**Exercise directions**
Every record that follows should be copied exactly. No picture belongs in the copy.

**Records**
****************
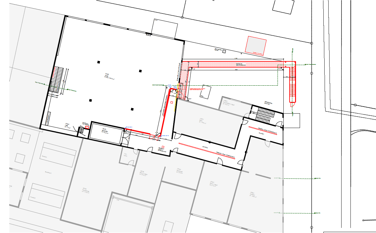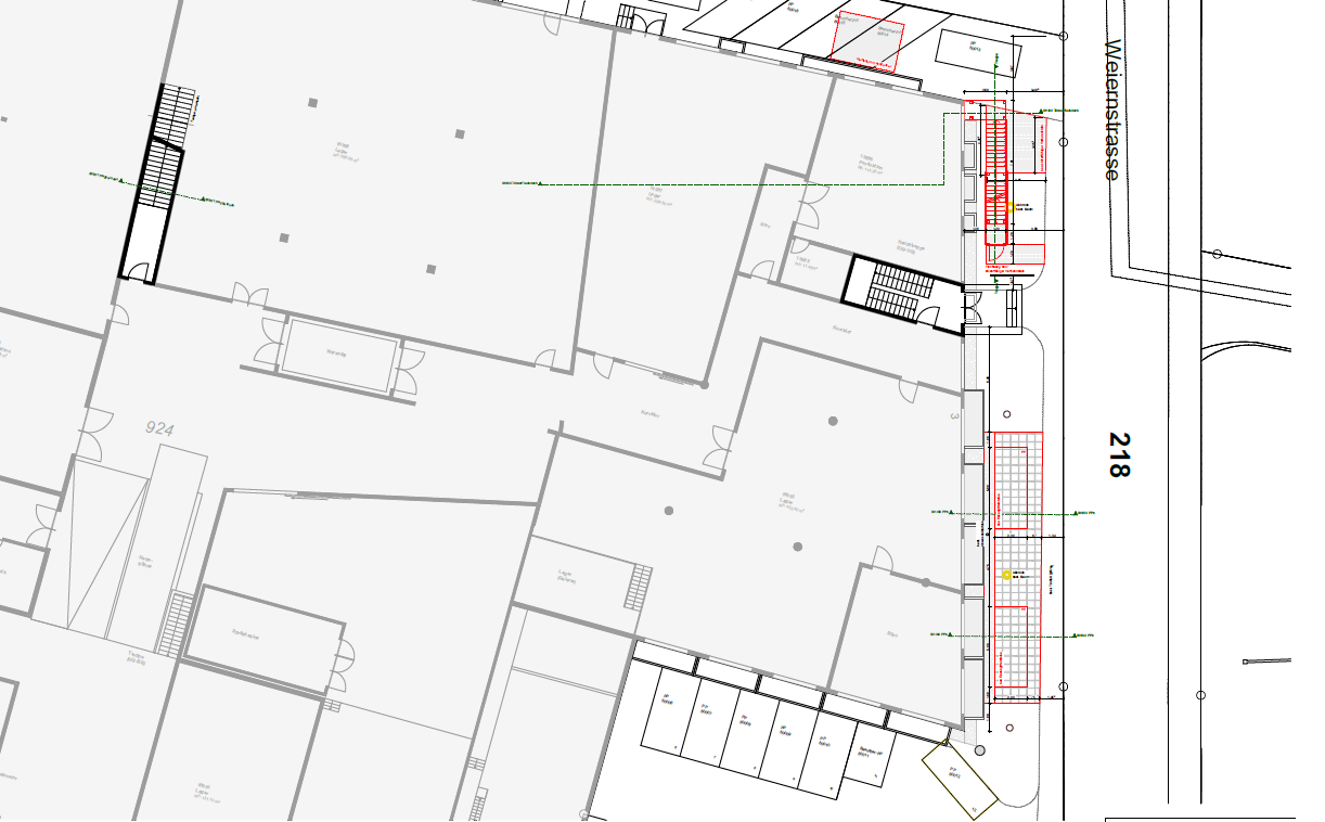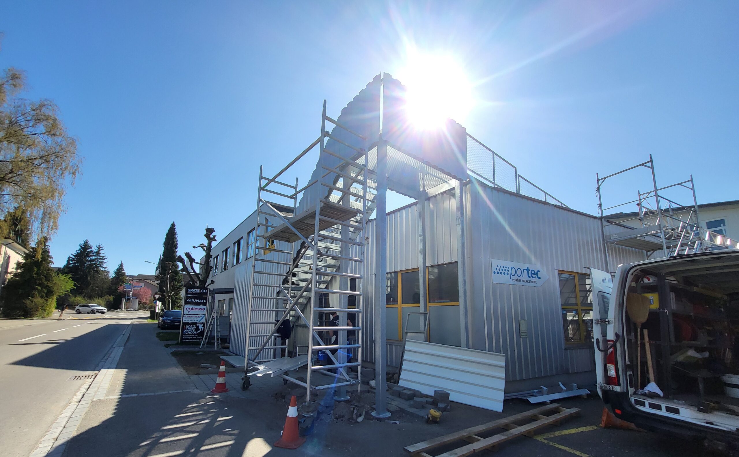 Im Aussenbereich entstehen zusätzliche Parkplätze. Zudem wird ein neuer Fluchtweg realisiert: Mit Hilfe einer Treppe führt dieser vom 1. Obergeschoss über das Flachdach sicher in den Aussenbereich des Erdgeschosses.
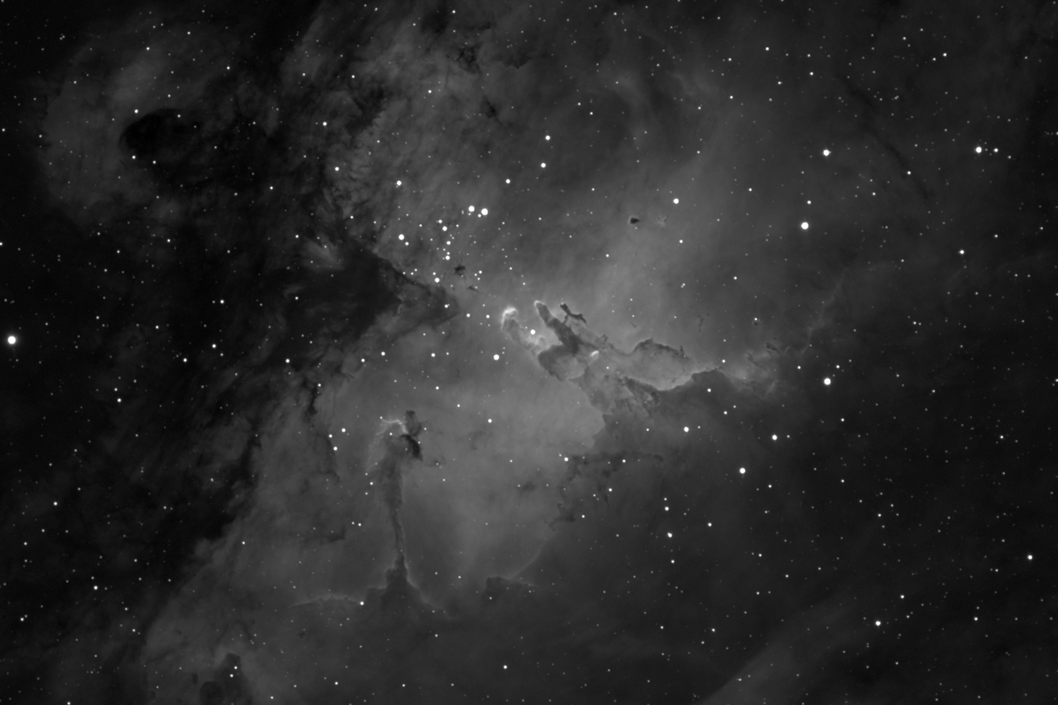 Star cluster M16 and the Eagle Nebula are best seen with low powers in telescopes. A 4-inch reveals about 20 stars in an uneven background of fainter stars and nebulosity; three nebulous concentrations can be glimpsed under good observing conditions. Under very good conditions, suggestions of dark obscuring matter can be seen to the north of the cluster. The Eagle nebula is best seen on photographs, but larger apertures and nebula filters (O-III) may help to trace some detail visually. The dark pillars can be seen in large amateur instruments (12-inch up).
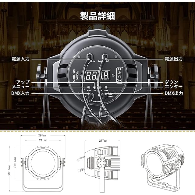【DMX512&マスタースレーブ】複数台使用、他照明との併用、煙の使用などに合わせてより高い演出効果を発揮します。Dmx out/in、power out/inは、デイジーチェーン接続をサポートしており、1つのプラグを接続して最大8個のライトを同時に操作できます。
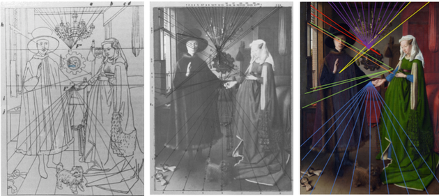 Однако в знаменитой картине «Портрете четы Арнольфини» невозможно найти единую точку схода — точку, наиболее удаленную от зрителя, где встречаются все параллельные линии картины.
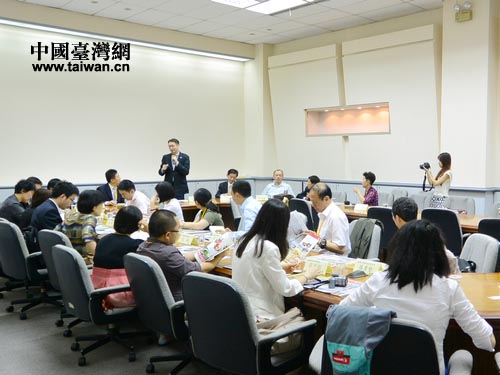 參訪團(tuán)成員與TVBS電視臺(tái)高層領(lǐng)導(dǎo)進(jìn)行座談。(中國(guó)臺(tái)灣網(wǎng) 許秋玥 攝)
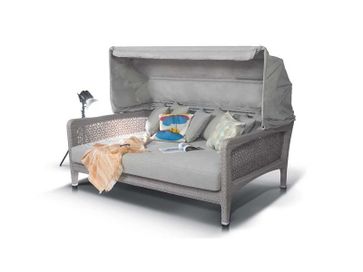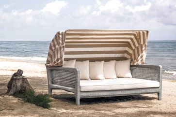 Подушки выполнены из водостойкой полиэфирной ткани для защиты мебели от дождя и солнца
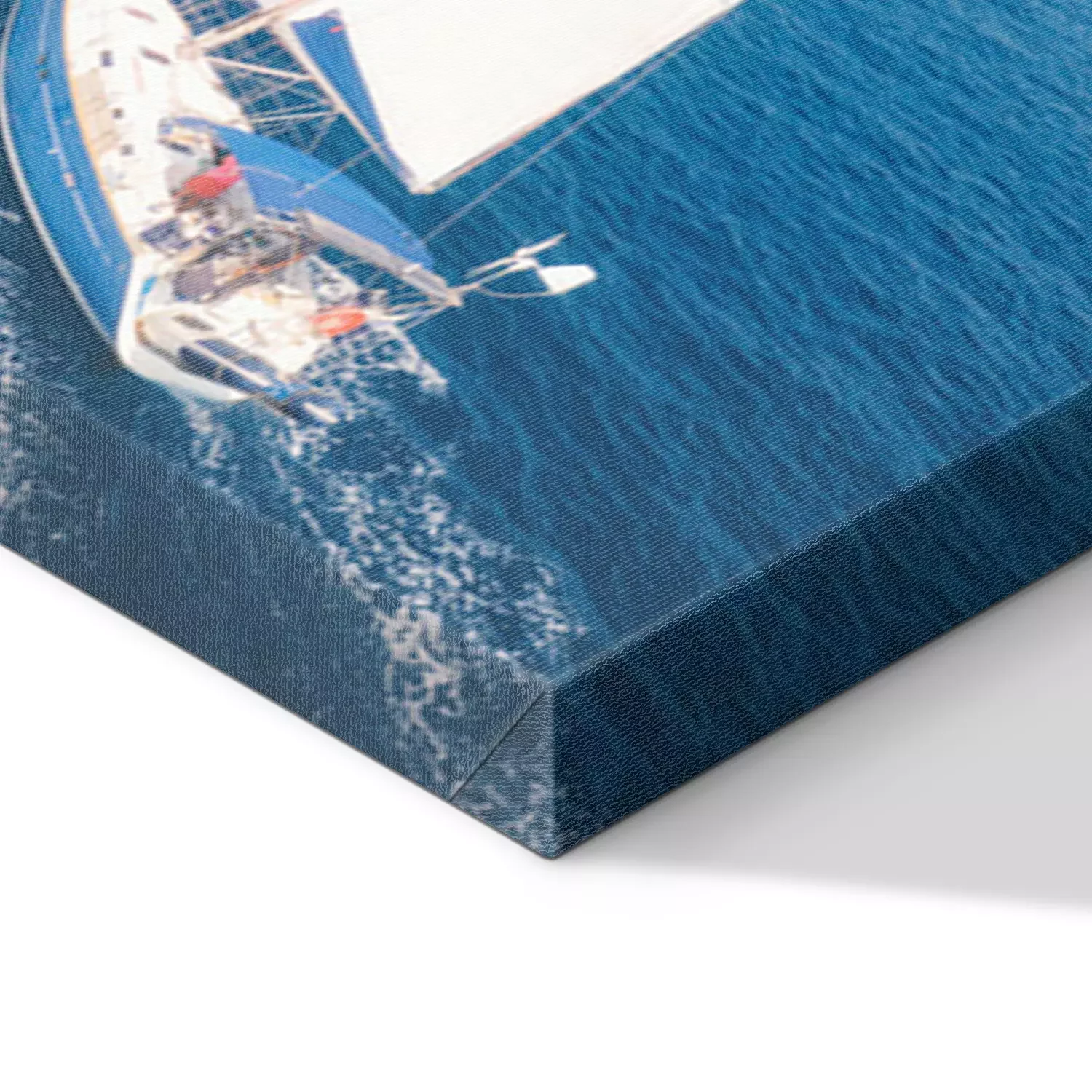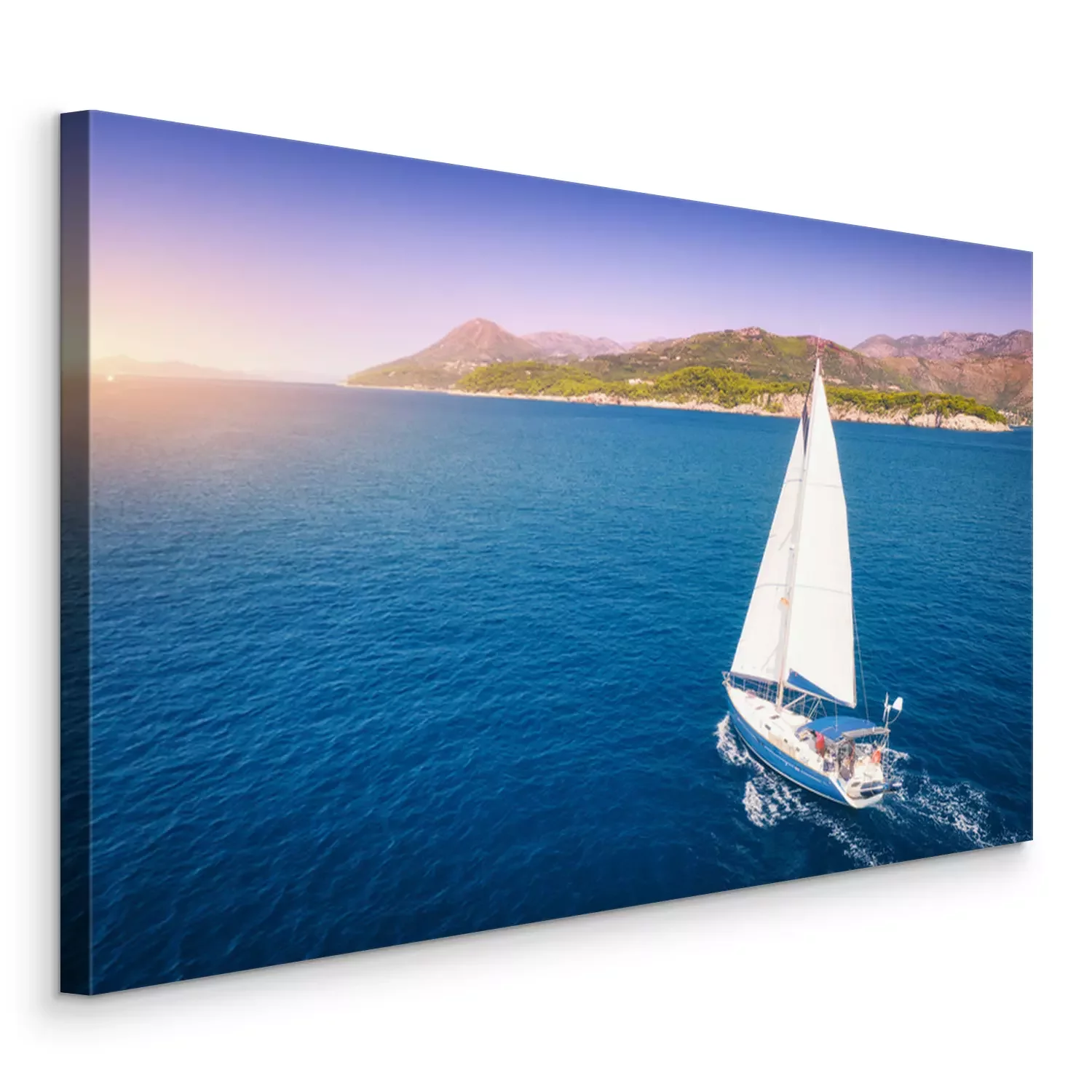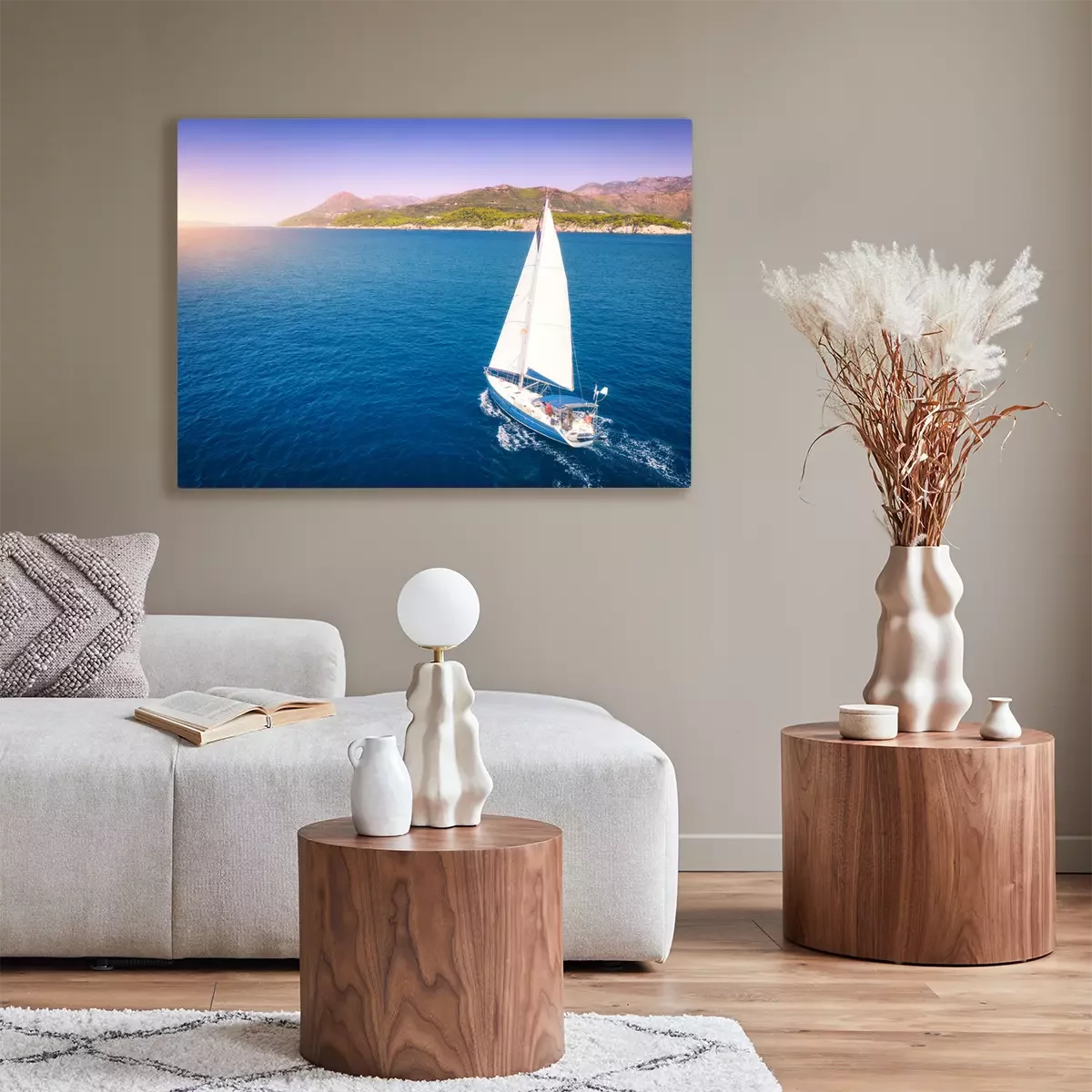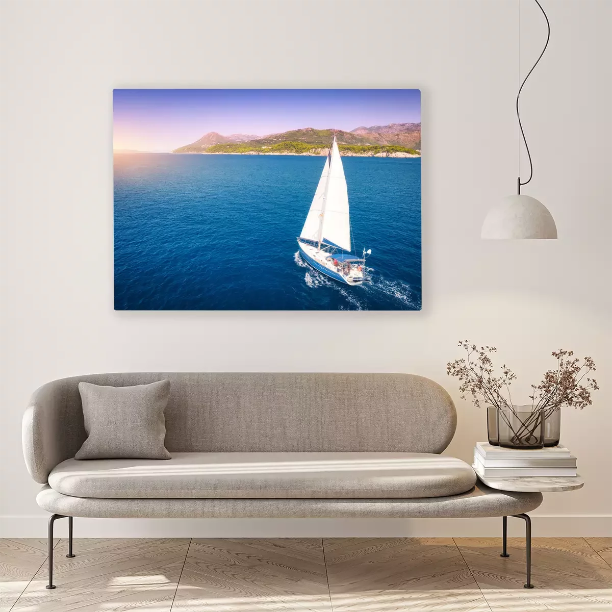 Canvas Aerial view of beautiful white sailboat in blue sea at bright sunny summer evening. Adriatic sea in Croatia. Landscape with yacht, mountains, transparent blue water, sky at sunset. Top view of boat
****************
**Answer space**
 Im Aussenbereich entstehen zusätzliche Parkplätze. Zudem wird ein neuer Fluchtweg realisiert: Mit Hilfe einer Treppe führt dieser vom 1. Obergeschoss über das Flachdach sicher in den Aussenbereich des Erdgeschosses.
 Star cluster M16 and the Eagle Nebula are best seen with low powers in telescopes. A 4-inch reveals about 20 stars in an uneven background of fainter stars and nebulosity; three nebulous concentrations can be glimpsed under good observing conditions. Under very good conditions, suggestions of dark obscuring matter can be seen to the north of the cluster. The Eagle nebula is best seen on photographs, but larger apertures and nebula filters (O-III) may help to trace some detail visually. The dark pillars can be seen in large amateur instruments (12-inch up).
【DMX512&マスタースレーブ】複数台使用、他照明との併用、煙の使用などに合わせてより高い演出効果を発揮します。Dmx out/in、power out/inは、デイジーチェーン接続をサポートしており、1つのプラグを接続して最大8個のライトを同時に操作できます。
 Однако в знаменитой картине «Портрете четы Арнольфини» невозможно найти единую точку схода — точку, наиболее удаленную от зрителя, где встречаются все параллельные линии картины.
 參訪團(tuán)成員與TVBS電視臺(tái)高層領(lǐng)導(dǎo)進(jìn)行座談。(中國(guó)臺(tái)灣網(wǎng) 許秋玥 攝)
 Подушки выполнены из водостойкой полиэфирной ткани для защиты мебели от дождя и солнца
 Canvas Aerial view of beautiful white sailboat in blue sea at bright sunny summer evening. Adriatic sea in Croatia. Landscape with yacht, mountains, transparent blue water, sky at sunset. Top view of boat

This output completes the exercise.